At a 4s cap a 3600s pro wait is a few hundred polls instead of ~7200; a fast-streaming instant response still samples at 500ms.

## Code sketch (illustrative — NOT for commit)

```diff
# web-ai/timeout-policy.mjs (NEW) — TIMEOUT_TABLE + resolveTimeoutSeconds + deriveTier

# web-ai/cli.mjs (~641)
+ pollTimeoutSec: values.timeout != null ? Number(values.timeout)
+   : resolveTimeoutSeconds(deriveTier({ vendor: values.vendor, model: values.model,
+       reasoningEffort: values.effort || values['reasoning-effort'], research: values.research }),
+       VENDOR_DEFAULT_TIMEOUT_SEC[values.vendor] ?? 1200).seconds,

# web-ai/chatgpt.mjs:329
- const timeout = Math.max(1, Number(input.timeout || 1200));
+ const timeout = Math.max(1, Number(input.timeout ?? input.pollTimeoutSec
+   ?? resolveTimeoutSeconds(deriveTier(input), 1200).seconds));

# web-ai/chatgpt.mjs:386-398 (stability gate)
+ const thinking = !streaming && await hasThinkingIndicator(page);
+ if (latest && !streaming && !thinking) {
+   const tier = deriveTier(input).tier;
+   const minStableMs = finished ? 1000 : tier === 'instant' ? 1500 : 8000;
+   const enoughNoGrowth = noGrowthPolls >= (tier === 'instant' ? 1 : 3);
+   if (elapsedStable >= minStableMs && (finished || enoughNoGrowth)) { /* complete */ }

# grok-live.mjs:267 / gemini-live.mjs:439 — same default + backoff
```

## Test Strategy (absorbs area-5 test gaps)
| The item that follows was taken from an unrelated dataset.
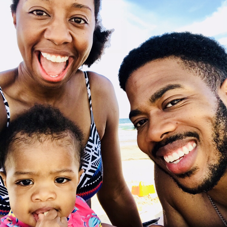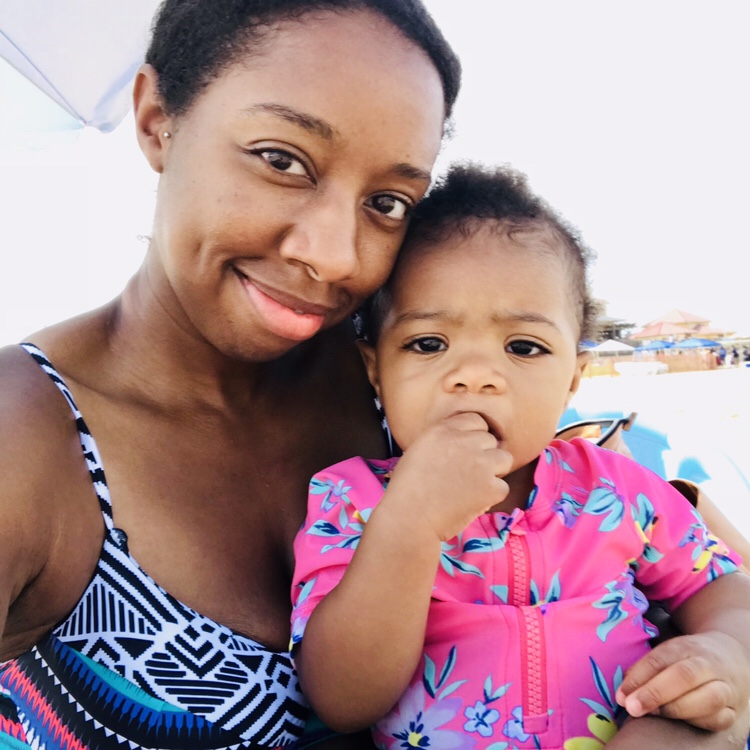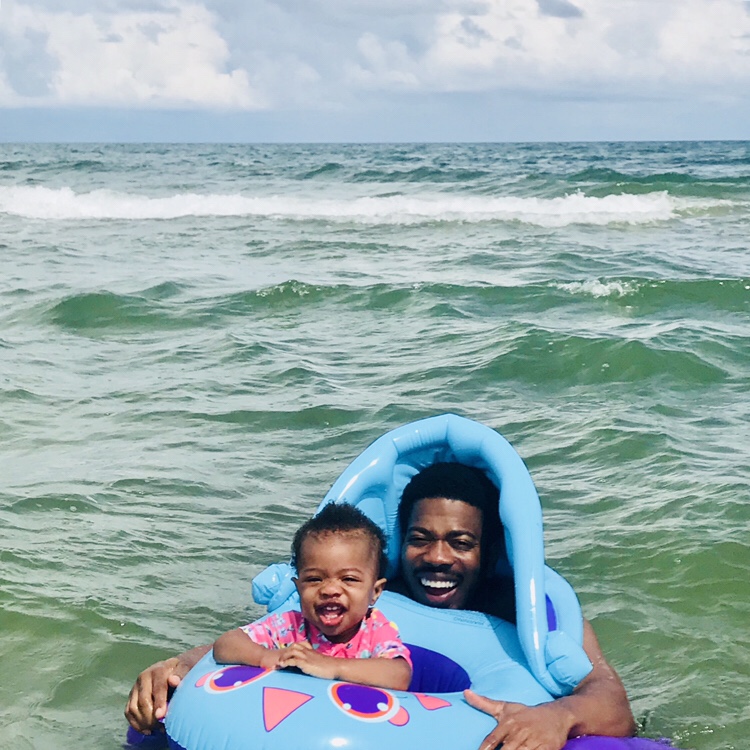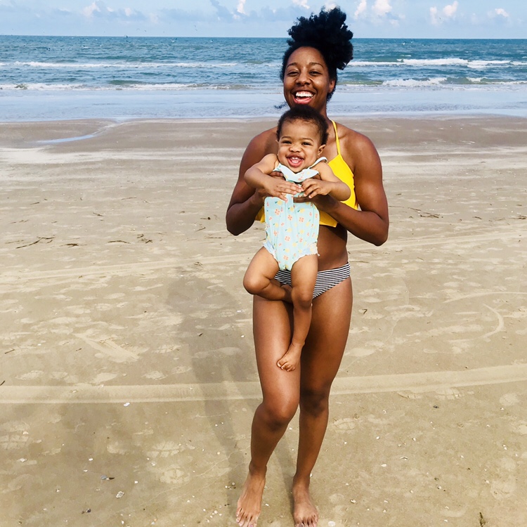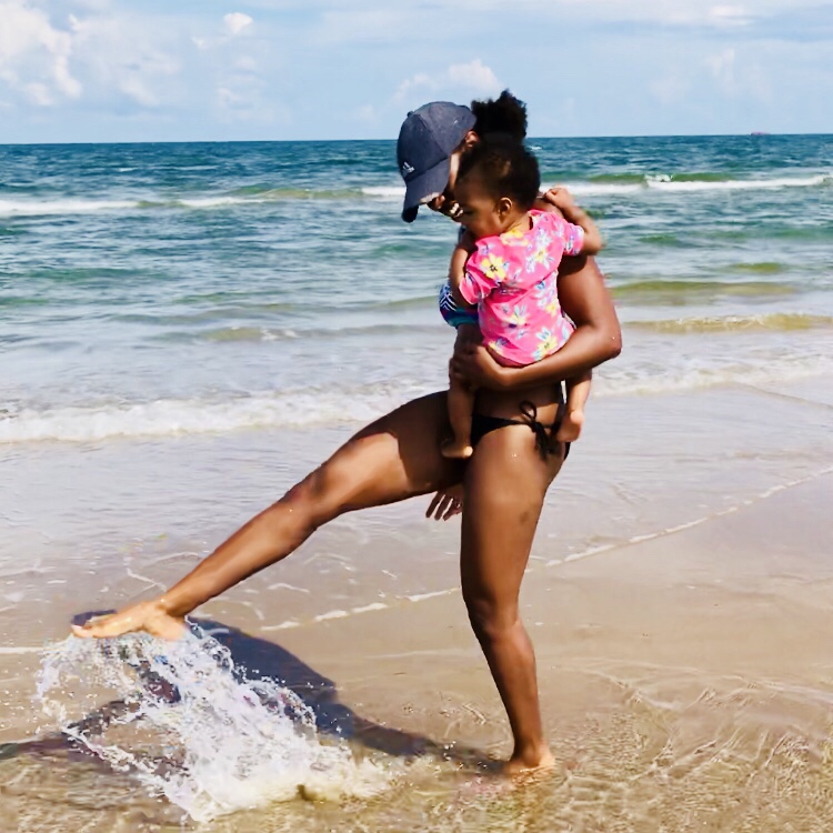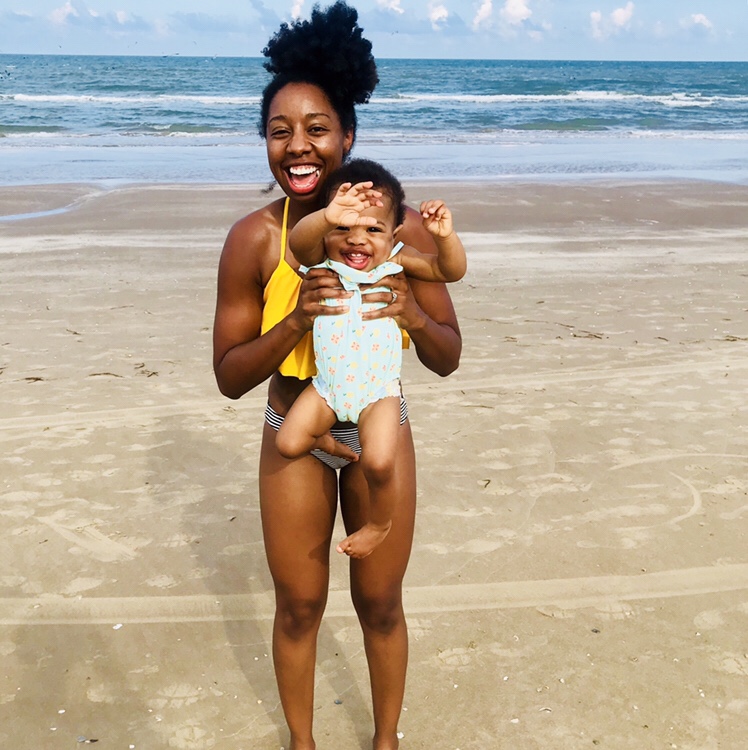 I couldn’t wait to experience us as a family going to the beach together for the first time. Stuffy nose and all, as soon as we got unpacked, we headed straight for the water. A big smile immediately spread across Buzzy Bee’s little face as we got closer and closer to what I would refer to as a giant tub.

Build on `test/integration/web-ai-fake-chatgpt.test.mjs` (its `waitForTimeout` mock already flips `'Pro thinking...'` → `'OK'`) and `test/unit/web-ai-chatgpt-model.test.mjs` (effort matrix at :54-58).

1. **Unit — timeout table per (provider, model, effort).** `resolveTimeoutSeconds`/`deriveTier`: `chatgpt:pro:* → 3600`, `chatgpt:instant → 120`, `chatgpt:thinking:standard → 600`, `chatgpt:deep-research → 3600`, **`grok:heavy → 3600` (regression: must NOT equal `grok:expert`'s 600)**, `gemini:deep-think → 3600`. Assert explicit `input.timeout` overrides the table.
2. **Integration — heavy/pro not timing out early.** Fake page keeps stop button visible past the *old* default but within tier; assert no premature `status:'timeout'` and `deadline` derived from 3600, not 1200.
3. **Integration — instant not over-waiting.** Fake page completes fast (action buttons appear); assert completion well under 120s and `responseStableMs` ≈ short instant grace.
4. **Integration — mid-stream pause then resume (the edge case).** Sequence: partial text ≥500 chars → hide stop button + keep a thinking chip for several polls → resume → final text → action buttons. Assert the result equals the **final** text (not the partial) — proves the thinking-indicator + no-growth gate.
5. **Backoff unit.** Interval resets to 500ms on growth, climbs to 4000ms cap while idle; assert a simulated 3600s idle wait is bounded to hundreds of polls.

## Open Risks / Tradeoffs

- **DOM signal fragility.** The thinking-indicator probe depends on ChatGPT keeping a reasoning/placeholder chip during pauses; if removed, the gate degrades to the tier-scaled no-growth rule (still safer than today). Mitigate with selector-list resilience like the existing stop/finished selectors.
- **3600s pro hard wait** ties up a tab/lease for up to an hour on a hung response. Backoff reduces CPU but the lease is still held — this is exactly why `260619_tab_parallel_stability` must add lease TTL + 60s heartbeat keyed on the same 3600s value (cross-cut).
- **Hardcoded table drift.** Tier values are static by design; a provider tier rename needs a manual one-module edit, unit-tested.
- **Hot-path change.** Threading `pollTimeoutSec` through `cli.mjs` + `mcp-server.mjs` + three pollers is mechanical; explicit-`--timeout`-wins precedence keeps all current callers behavior-compatible.

## References (web)

The copy/action button being the authoritative "response complete" signal (with stop-button + text-stability as supporting layers) is corroborated by ChatGPT streaming/scraping write-ups (theodormarcu.com "How ChatGPT streams responses"; Scrapfly "How to Scrape ChatGPT 2026" / "Find Web Selectors with ChatGPT").